Temperature-modulated live cell imaging.

Dynamic imaging of fast-occurring processes is hampered by the fact that the signal/noise ratio of a fluorescent image is inversely related to the exposure time. The exposure time in turn limits the imaging speed and thereby the temporal resolution. We are increasing the temporal resolution of live-cell imaging plant samples by modulating the temperature of the samples in situ on the microscope stage as lowering the temperature slows down biological processes.
CME is a fast and stepwise process and involves the sequential recruitment of several players. Adaptor complexes, the clathrin scaffold and endocytic accessory proteins all arrive and depart at different time points during the process. To visualize the temporal dynamics of the various players, we are generating fluorescently tagged functional fusions of TPC subunits and are performing dual color spinning disc microscopy on complemented double mutant lines at ambient and at lowered temperature. Imaging endocytosis at lowered temperature delays the process and allowed us to increase the temporal resolution by which the effector proteins are recruited to the plasma membrane. 

Next to this, we use our temperature-modulatory setup also to study the effect of high temperature stress on plants. Here we combine live-cell imaging of fluorescently tagged proteins with temperature changes to observe how this alters their localization and properties.

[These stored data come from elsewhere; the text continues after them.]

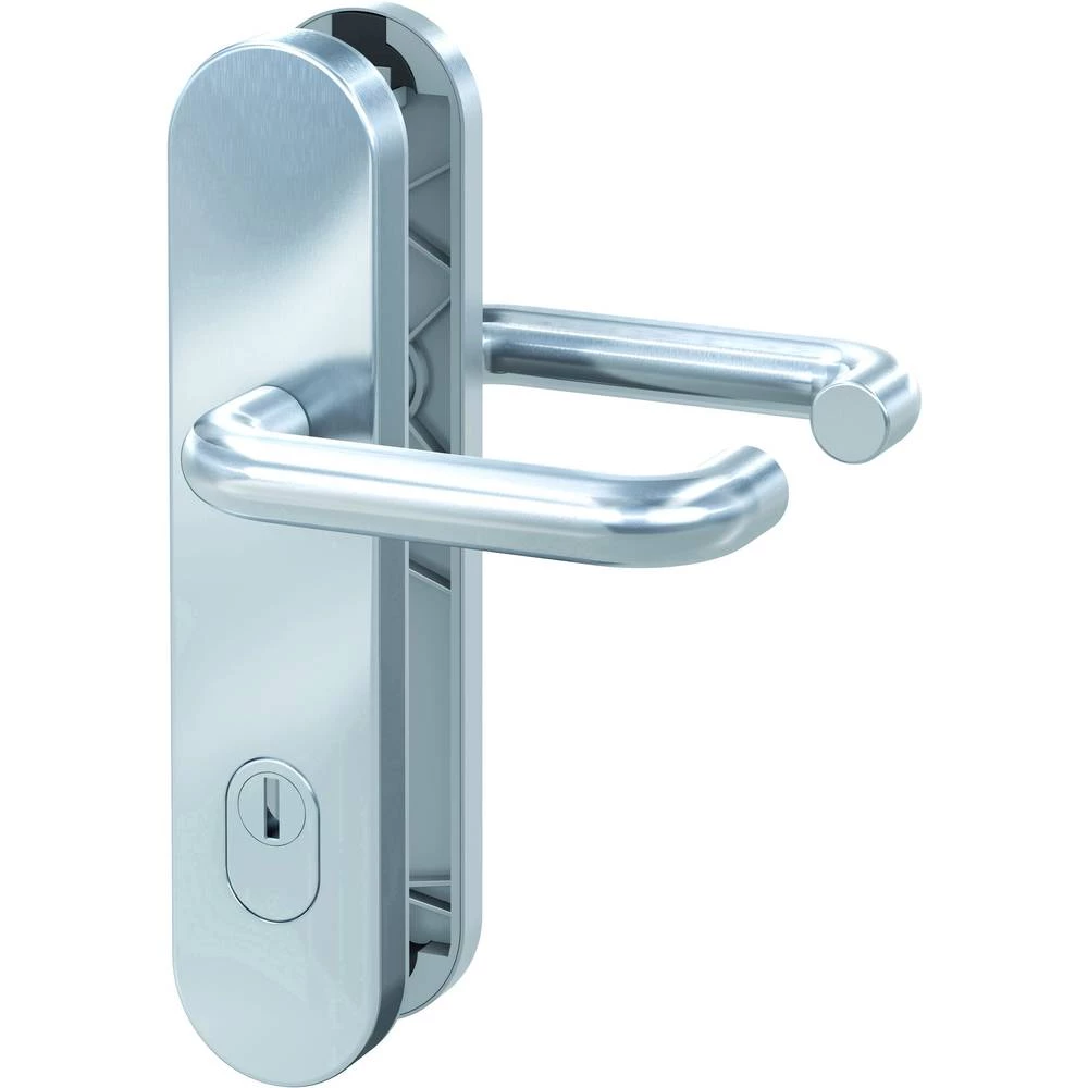SB 7200 - ES2 ZA 92/10 mm Sigurnosna armatura od nehrđajućeg čelika, nevidljiva vijčana veza, komplet potisnika (potisni U-oblik), dugačka ploča okrugla, debljina ploče 15 mm, za debljinu vrata 38-54 mm, prevrtanje cilindra 14-18 mm, ispitano prema DIN 18257 / RAL-RG607 / 6, test br. 9-6 / 16, 3V68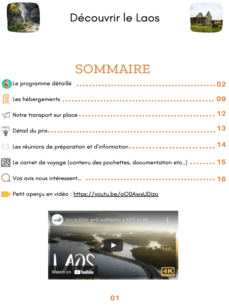 Courier LE LaosSOMMAIRE Le program dtaill02Les hbergements09Notre transport SUR place12Dtail Du prix13Les unions DE preparation et dinformation14Le carpet DE voyage (content DES brochettes, documentation
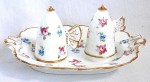 C19TH MINTON HAND PAINTED CANDLE SNUFFERS AND STAND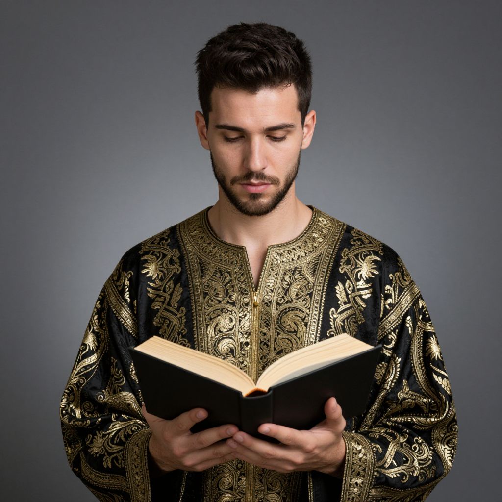 Photograph of a young man with short, dark hair and a trimmed beard, wearing an ornate black and gold robe with intricate patterns. He's holding an open book in front of him with both hands. The background is a plain, gradient gray. His expression is serious and focused. The lighting is even, highlighting the texture of his robe and the pages of the book.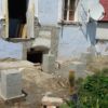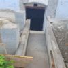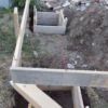 Nachdem die Punktfundamente fertiggestellt waren, wurde auch der Kellerzugang gemacht: Dafür wurde ein ca. 1,30 Meter breiter Gang ausgehoben und Seiten wurden mit Ziegeln und Eisen abgestützt. Der Boden wurde betoniert, ebenso die zwei Stufen zum Kellereingang.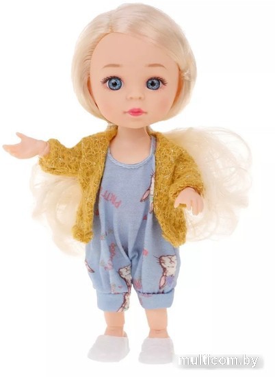 | Информация | ? Кукла Наша игрушка 91033-E - идеальная игрушка для развития воображения, речевых и коммуникативных навыков девочек. ? Симпатичная куколка в голубом комбинезоне и горчичном кардигане станет отличной подружкой для вашей девочки. ? У куклы большие голубые глаза и шелковистые волосы цвета блонд. ? Шарнирные руки и ноги (12 точек артикуляции) позволяют задавать кукле разные положения для игры. ?? Съемные элементы одежды: комбинезон (застегивается сзади на липучку), туфельки. |

Wang et al., Plant Physiology 2020 PMID: 32321842

Temperature-modulated imaging in Arabidopsis. Panel A shows endocytic foci in etiolated hypocotyl cells expressing TPLATE-GFP and the corresponding kymographs as the cells transition from 25 degrees to 10 degrees. The length of the traces, proxy for the duration of endocytosis, increases with lowering the temperature. Panels B and C show the effect of lowering the temperature of two combinations of endocytic markers, TPLATE and DRP1a and TPLATE and EH1. Image adapted from Wang et al., 2020.